> [EXERCISE DETAILS] Among the lines below, restate word for word only those from the line with "Financial data displayed" through the line with "还记得之前给大家提起过的手枪", with both end lines kept.

> [RAW DATA]
*** Block opens ***
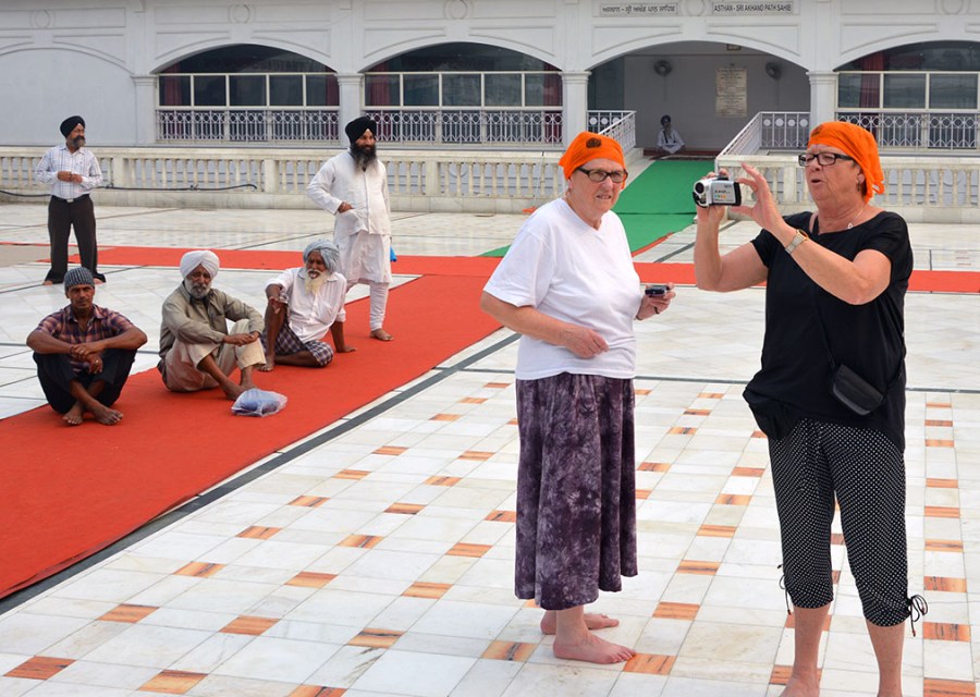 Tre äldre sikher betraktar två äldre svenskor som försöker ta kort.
*** Block closes ***
*** Block opens ***
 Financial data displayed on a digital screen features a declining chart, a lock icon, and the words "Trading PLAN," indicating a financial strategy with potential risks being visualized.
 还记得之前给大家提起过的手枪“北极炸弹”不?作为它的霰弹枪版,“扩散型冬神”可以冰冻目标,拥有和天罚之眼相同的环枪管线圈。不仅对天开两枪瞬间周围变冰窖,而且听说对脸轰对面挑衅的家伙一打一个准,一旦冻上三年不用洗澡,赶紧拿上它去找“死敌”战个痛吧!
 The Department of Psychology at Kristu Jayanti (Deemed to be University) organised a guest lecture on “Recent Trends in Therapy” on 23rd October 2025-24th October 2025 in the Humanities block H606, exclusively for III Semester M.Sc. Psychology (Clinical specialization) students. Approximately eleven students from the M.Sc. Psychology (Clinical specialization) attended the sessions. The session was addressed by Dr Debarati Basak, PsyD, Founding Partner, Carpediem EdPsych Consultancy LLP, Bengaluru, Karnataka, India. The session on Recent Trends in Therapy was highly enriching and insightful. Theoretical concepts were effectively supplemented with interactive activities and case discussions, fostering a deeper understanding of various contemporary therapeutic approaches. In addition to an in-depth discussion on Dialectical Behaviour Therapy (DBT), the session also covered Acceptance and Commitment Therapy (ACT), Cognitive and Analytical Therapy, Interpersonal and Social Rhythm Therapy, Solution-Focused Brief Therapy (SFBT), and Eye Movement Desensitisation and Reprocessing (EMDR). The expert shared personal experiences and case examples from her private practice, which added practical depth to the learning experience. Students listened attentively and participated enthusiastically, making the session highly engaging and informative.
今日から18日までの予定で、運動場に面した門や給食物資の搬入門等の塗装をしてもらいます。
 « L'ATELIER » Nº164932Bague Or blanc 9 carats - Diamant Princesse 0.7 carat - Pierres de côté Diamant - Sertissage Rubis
*** Block closes ***
*** Block opens ***
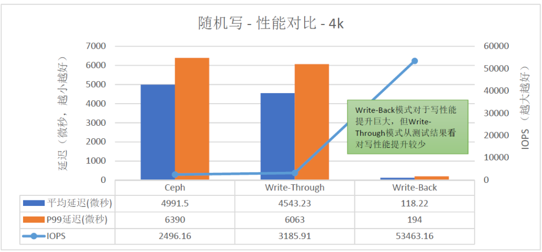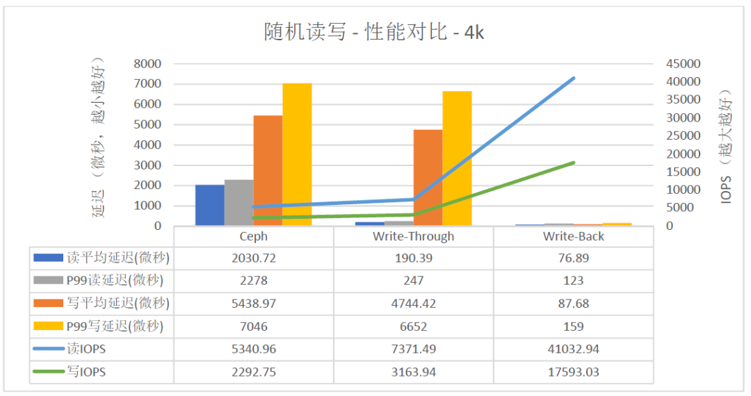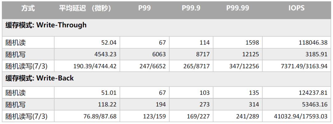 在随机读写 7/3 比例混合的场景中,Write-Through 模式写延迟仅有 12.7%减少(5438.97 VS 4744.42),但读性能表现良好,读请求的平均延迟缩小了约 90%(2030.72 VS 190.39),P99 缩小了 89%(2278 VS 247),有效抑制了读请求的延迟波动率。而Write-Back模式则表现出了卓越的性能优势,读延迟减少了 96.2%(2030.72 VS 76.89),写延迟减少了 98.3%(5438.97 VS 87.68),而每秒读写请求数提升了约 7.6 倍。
*** Block closes ***
> [RESULT]
 Financial data displayed on a digital screen features a declining chart, a lock icon, and the words "Trading PLAN," indicating a financial strategy with potential risks being visualized.
 还记得之前给大家提起过的手枪“北极炸弹”不?作为它的霰弹枪版,“扩散型冬神”可以冰冻目标,拥有和天罚之眼相同的环枪管线圈。不仅对天开两枪瞬间周围变冰窖,而且听说对脸轰对面挑衅的家伙一打一个准,一旦冻上三年不用洗澡,赶紧拿上它去找“死敌”战个痛吧!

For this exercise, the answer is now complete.